Following model fitting for a fixed gene through an accelerated EM algorithm, Dino produces normalized expression values by resampling from the posterior distribution of the latent expression parameters, $$\lambda_{gj}$$. It can be shown that the distribution on the $$\lambda_{j}$$ (dropping the gene-specific subscript $$g$$ as calculations are repreated across genes) is a mixture of Gammas, specifically: $\mathbb{P}(\lambda_{j}|y_{j},\delta_j)=\sum_{K}\tau_{kj}f^{G}\left(\frac{\mu_{k}}{\theta}+\gamma y_{j},\frac{1}{\frac{1}{\theta}+\gamma\delta_j}\right)$ where $$\tau_{kj}$$ denotes the conditional probability that $$\lambda_{gj}$$ was sampled from mixture component $$k$$ and $$\gamma$$ is a global concentration parameter.
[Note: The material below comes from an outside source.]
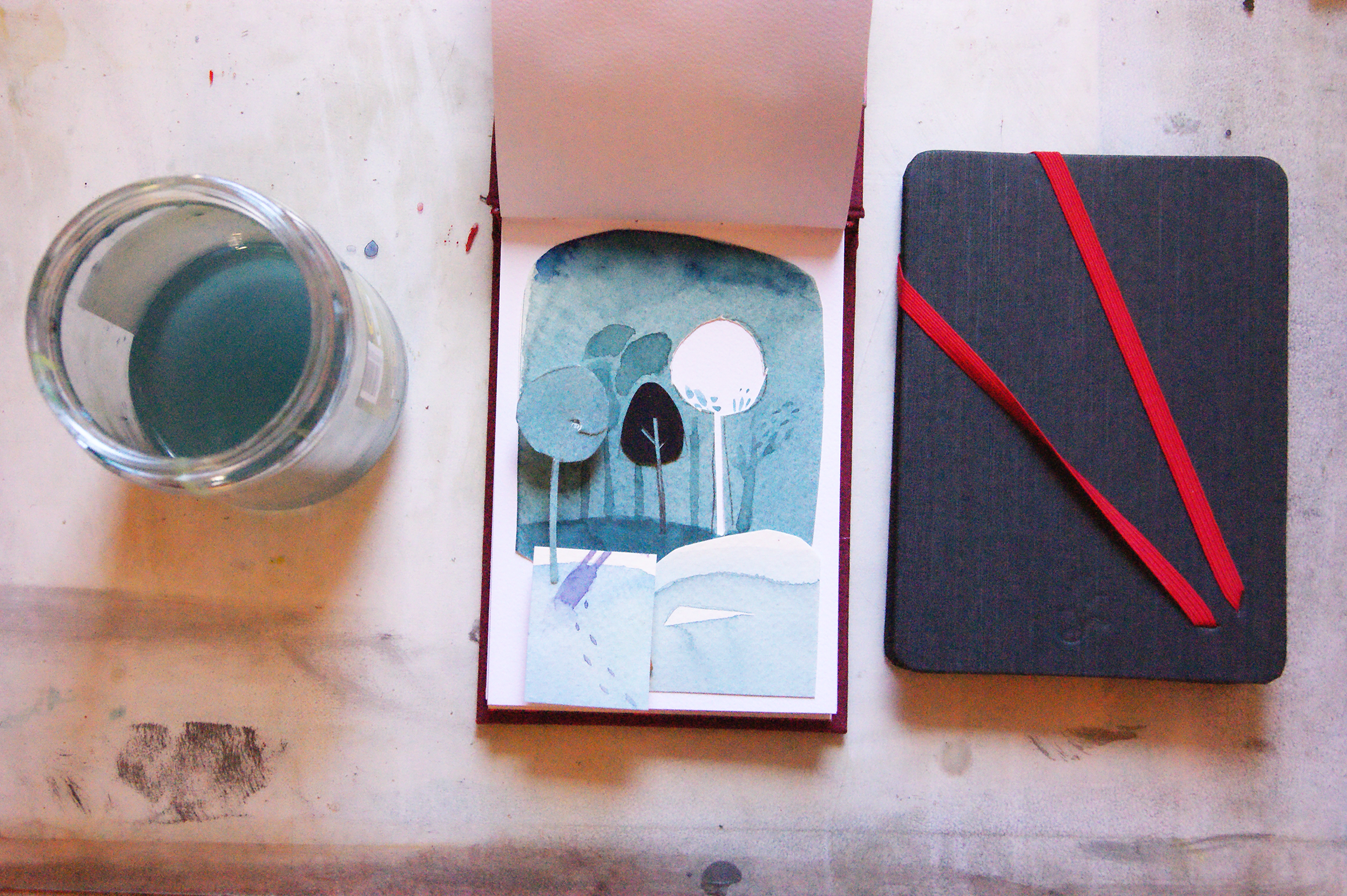 Cuaderno para bocetos, acuarela, tijeras, pegamento y Photoshop.

The $$\tau_{kj}$$ are estimated as part of the implementation of the EM algorithm in Dino. The adjustment from the concentration parameter can be seen as a bias in the normalized values towards a scale-factor version of normalization, since, in the limit of $$\gamma$$, the normalized expression for cell $$j$$ converges to $$y_j/\delta_j$$. Default values of $$\gamma=15$$ have proven successful.

## 4.2 Mixture components $$K$$

Approximating the flexibility of a non-parametric method, Dino uses a large number of mixture components, $$K$$, in order to capture the full heterogeneity of expression that may exist for a given gene. The gene-specific number of components is estimated as the square root of the number of strictly positive UMI counts for a given gene. By default, $$K$$ is limited to be no larger than 100. In simulation, large values of $$K$$ are shown to successfully reconstruct both unimodal and multimodal underlying distributions. For example, when UMI counts are estimated under a single negative binomial distribution, the Dino fitted prior distribution (black, right panel) which is used to sample normalized expression closely matches the theoretical sampling distribution (red, right panel). Likewise, the fitted means ($$\mu_k$$ in the model, gray lines, left panel) span the range of the simulated data (heat map of counts, left panel), but concentrate around the theoretical mean of the sampling distribution (red, left panel).